In October 1992 Dotto et al. performed 20 hours of observations spread over 6 nights to investigate Hertha's rotational period, approximate shape, and the coordinates of its rotational axis. They were able to confirm a rotational period of 8.398 ± .001 hours as previously measured by Harris et al. published earlier in 1992. In the same study, Dotto et al. measured the asteroid's shape and rotational axis. The axes' ratios were found to be: a/b = 1.34 ± .03 and b/c = 1.22 ± .05. Two possible values were determined for the rotational axis, however further measurements at different ecliptic longitudes are required to determine which is correct.

In August 2003 Torppa et al. published their results on the shape and rotational properties of a number of asteroids, including Hertha.
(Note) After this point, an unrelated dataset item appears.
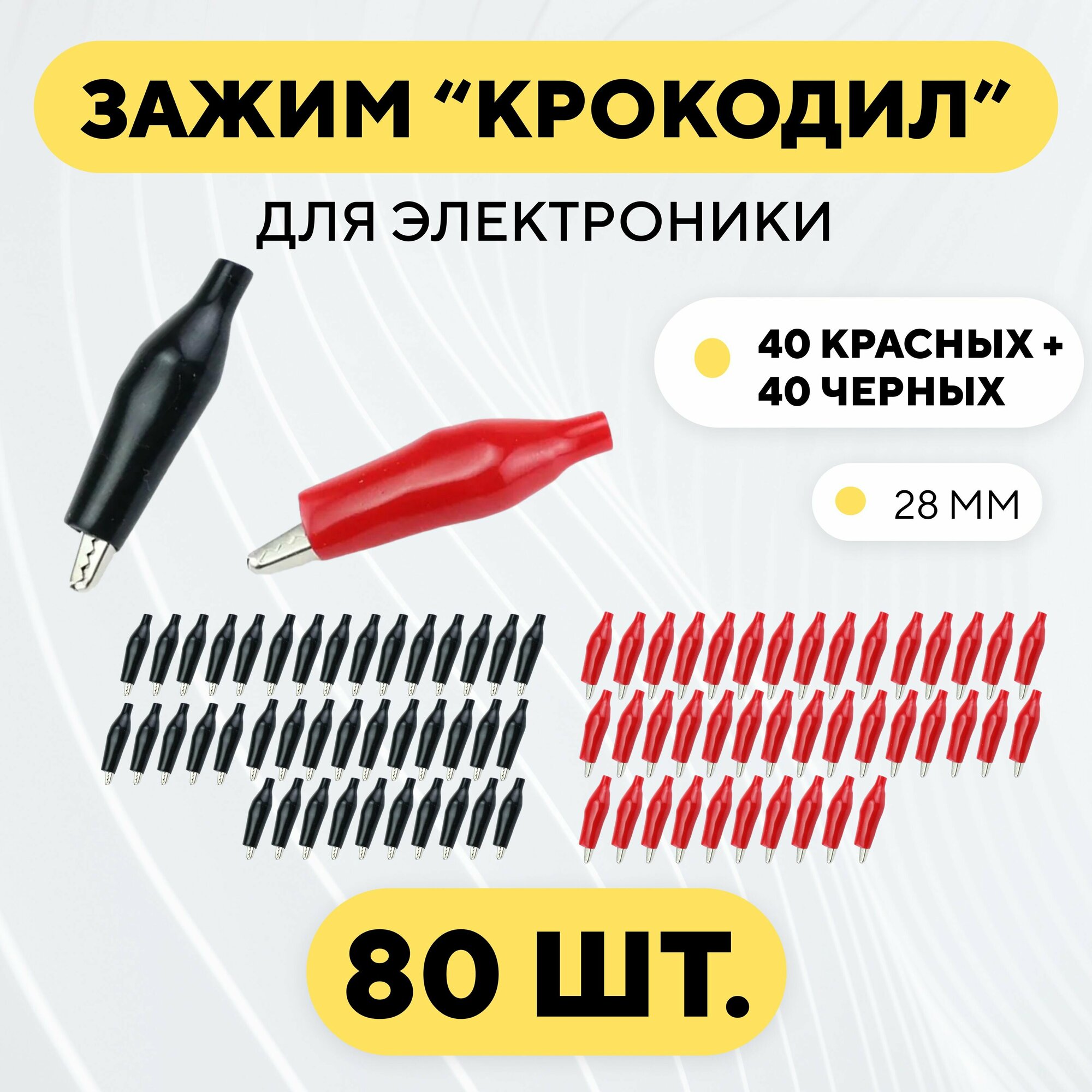 Набор крокодильчиков 28 мм 40 красных + 40 черных (80 штук) информация:

Utilizing data from 42 lightcurves of Hertha spanning from 1978 to 2002, a more refined set of axes' ratios was obtained and a detailed shape model was obtained through inversion. New values for the axes' ratios are: a/b = 1.1 and b/c = 1.5. Measurements of the pole direction were also obtained, however like Dotto et al. they were unable to differentiate between their two possible solutions of (β=+58°, λ=96°) and (β=+53°, λ=274°).

In 2017, Hanuš et al. confirmed that the correct solution is β=53±3°, λ=277±3°. They also calculated the first non-convex shape model, based on lightcurve and stellar occultation data.

=== Spectral classification ===
Although Hertha has long been classified as an M-type asteroid based on its spectral properties, observations carried out by Rivkin et al. in 1996 using the IRTF at Mauna Kea Observatory have raised the possibility of reclassification. The presence of a dip in the observed spectrum at 3 μm indicates that the surface is hydrated, suggesting that Hertha should be reclassified as a W-type (a "wet M-type") asteroid. Based on work carried out by Salisbury and Walter, the Rivkin study estimated the water content of the asteroid to be between 0.14 and 0.27 percent by mass. This estimate is based on laboratory measurements and may not be applicable to asteroids in space.

A more recent study by Rivkin et al. published in 2002 examined the dependence of spectral absorption on the asteroid's rotational phase. The study looked at the 0.7 μm band, which is also associated with hydrated silicates, and found that the reflectance changes as the asteroid rotates, suggesting that the surface is heterogeneous with some hydrated areas intermixed with dry areas.

== Asteroid family ==

Hertha believed to be the largest member of two overlapping asteroid families in the inner main belt, known as the Hertha families (also historically known as the "Nysa family"). These two families also overlap with several other unrelated asteroid families, together forming the Nysa–Polana complex. The Hertha families are divided by color and spectral type: S-type asteroids belong to the "Hertha1" family while X-type asteroids belong to the "Hertha2" family. Of these, the Hertha1 family is larger in population. The asteroids of both Hertha families are believed to be collisional fragments from Hertha, although it is unclear whether both families formed together from one collision event or formed separately in different collision events. In either case, the different compositions of the Hertha families suggest that the parent body must have compositionally different layers.